KoboldAI / KoboldAI-Client

For GGUF support, see KoboldCPP: https://github.com/LostRuins/koboldcpp
https://koboldai.com
GNU Affero General Public License v3.0
3.51k stars 758 forks source link

Update pytorch+rocm to latest Version #237

Closed waffshappen closed 1 year ago

waffshappen commented 1 year ago

Tested on a Steam Deck with HSA_OVERRIDE_GFX_VERSION=10.3.0 as env in the docker-compose.yml. Successfully loads and runs OPT up to 350m on the gpu, most layers on 1.3B and up to 14 Layers of 2.7B Models.

I did not observe any Breakage with the updated pytorch Version (Tested with Story and OPT, not with Adventure Models) but more widespread Tests might be required.

henk717 commented 1 year ago

Is there something the older pytorch prevents from happening? If not i'd rather see this pull on the version on my own Github so we can have it in the beta branch first. I am always a bit hesitant to update the official version's dependencies unless there is a need to do so.

waffshappen commented 1 year ago

Is there something the older pytorch prevents from happening?

Yes, mostly it working on the Steam Deck GPU (Fedora 37, Latest podman). It reliably works, for hours (tested with a script that kept hitting the submit Button to keep generating) with 5.2 but the older pytorch fails, usually on the first or second submission, with memory errors that are not consistently the same each run. (radeontop does not show any memory full issue, nor do any logs show memory running full).

Plus the package index does not show a pytorch1.12+rocm5.2 for me.

CPU only generation works reliably with both.

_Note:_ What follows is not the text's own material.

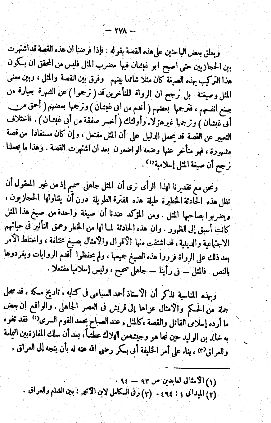 وبهذه المناسبة نذكر أن الأستاذ أحمد السباعي في كتابه "تاريخ مكة" قد سجل جملة من الحكم والأمثال عزاها إلى قريش في العصر الجاهلي. والواقع أن بعض ما أرده إسلامي القائل والقصة، كالمثل: "عند الصباح يحمد القوم السرى"2, فقد تفوه به خالد بن الوليد حين نجا هو وجيشه من الهلاك عطشا، بعد أن سلك المفازة بين اليمامة والعراق3 بناء على أمر الخليفة أبي بكر -رضي الله عنه- له بأن يتجه إلى العراق.

Sadly this is my only RDNA2 gpu i have to test it at all - and my 7900XTX disappointingly has been left in the dust by AMD with nothing but a possible hint of support at all in 5.5.0 so waiting to test that with a pytorch2+rocm5.5 nightly in the far far future.

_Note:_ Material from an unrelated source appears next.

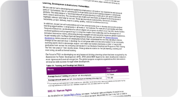 FY21 ESG Disclosures July 2022 Unaudited 36 platform and receive annual performance appraisals which include multidimensional feedback and systematic use of agreed measurable targets. In FY21 97% of our eligible employees participated in their annual conversation about their priorities and accomplishments. In between annual performance appraisals, employees also engage in mid-year and periodic performance check-ins with managers to discuss performance, adjust course and follow up as appropriate. Learning, Development & Institutional Partnerships We are committed to developing and upskilling employees at all levels of our organization and across all parts of the business. Our e3 Learning platform provides over 20,000 training programs to employees globally. The wide range of e-learnings helps employees develop a multitude of job-specific skills and work toward certifications. The courses are searchable and have been catalogued in learning spaces to highlight relevant and helpful content. These spaces include sustainability, innovation, inclusion, leadership, project delivery, health & safety, quality, technical excellence and more. In addition, we partner with universities and other external institutions to develop and provide enriched learning opportunities to employees at all levels of the business. For example, in partnership with Duke Corporate Education, we developed a culture alignment program via which more than 200 Jacobs leaders received guidance and programming to strengthen inspirational leadership and the development of inclusive, innovative teams, enhancing strategy engagement and execution across our global organization. In partnership with the Royal Scottish Geographical Society, we launched the Climate Solutions Accelerator online course to all employees to help them understand the role they can play in climate change action and continue to develop the critical green skills and solutions needed for our continually evolving world. And to encourage, support and retain our newest employees, a cohort of nearly 800 graduates from across the company participated in our Graduate Development Program in FY21. During the first two years of their Jacobs career, these graduates receive on-the-job learning, coaching and mentoring, as well as formal training Our focus in FY21 on developing our employees and driving a learning culture has been recognized by the Association for Talent Development (ATD). ATD’s 2022 BEST Award is the talent development industry’s most rigorous and coveted recognition. The global program recognizes organizations that demonstrate enterprise-wide success through talent development. Table 24. Training and Development Metrics Metric FY21 (Estimated) [a] Average hours of training per year per full-time employee 10.7 hours Average amount spent per full-time employee on training & development 700 USD [a] Training hours and spend estimated based on available data; not reflective of all training completed, as employees may log training and development hours via individual project numbers, not centralized training codes. SOC.10 Human Rights As detailed in our Human Rights Policy , we respect the human rights and dignity of people in our operations, supply chain, and communities where we work. We prohibit the use of any form of child or forced labor, slavery or trafficking of persons. Our approach is guided by international principles, including those encompassed in the U.N.’s Guiding Principles on Business and Human Rights, Universal Declaration of Human Rights, International Bill of Rights, and the International Labor Organization’s Declaration on Fundamental Principles and Rights at Work.

0cc4m commented 1 year ago

I found another thing: When using two AMD GPUs, KoboldAI only outputs incoherent text when splitting a model across them. Using the up-to-date torch version of this PR fixes it and allows AMD users to use multiple GPUs together. @henk717

0cc4m commented 1 year ago

@waffshappen Latest is 1.13.1, any particular reason you chose 1.13.0? I tested the two GPU fix only with 1.13.1

waffshappen commented 1 year ago

@waffshappen Latest is 1.13.1, any particular reason you chose 1.13.0? I tested the two GPU fix only with 1.13.1

I did not see them when i initially made this MR, maybe they got added since?

ClashSAN commented 1 year ago

@waffshappen how interesting. how much vram would it take to run 350m? Did you increase allocated gpu vram to 4g in bios settings? Maybe you could write a gist if this isn't the right place, always cool to see people trying ML-related things with Steam Deck

MrGrymReaper commented 1 year ago

Maybe take it a bit further to version 5.5 of amd rocm and keep an eye out for the first releases if not already available for consumer GPUs.

0cc4m commented 1 year ago

@MrGrymReaper KoboldAI uses pytorch, we can switch to ROCm 5.5 once Pytorch does. So far they use 5.4.2

henk717 commented 1 year ago

Also worth noting on United we had regressions so Pytorch 2.0 was reverted. So hopefully when ROCm gets more stable we can reintroduce it there. Currently not comfortable with the change on the main version as a result, but United has the most recent one that was tested to be stable ready to use.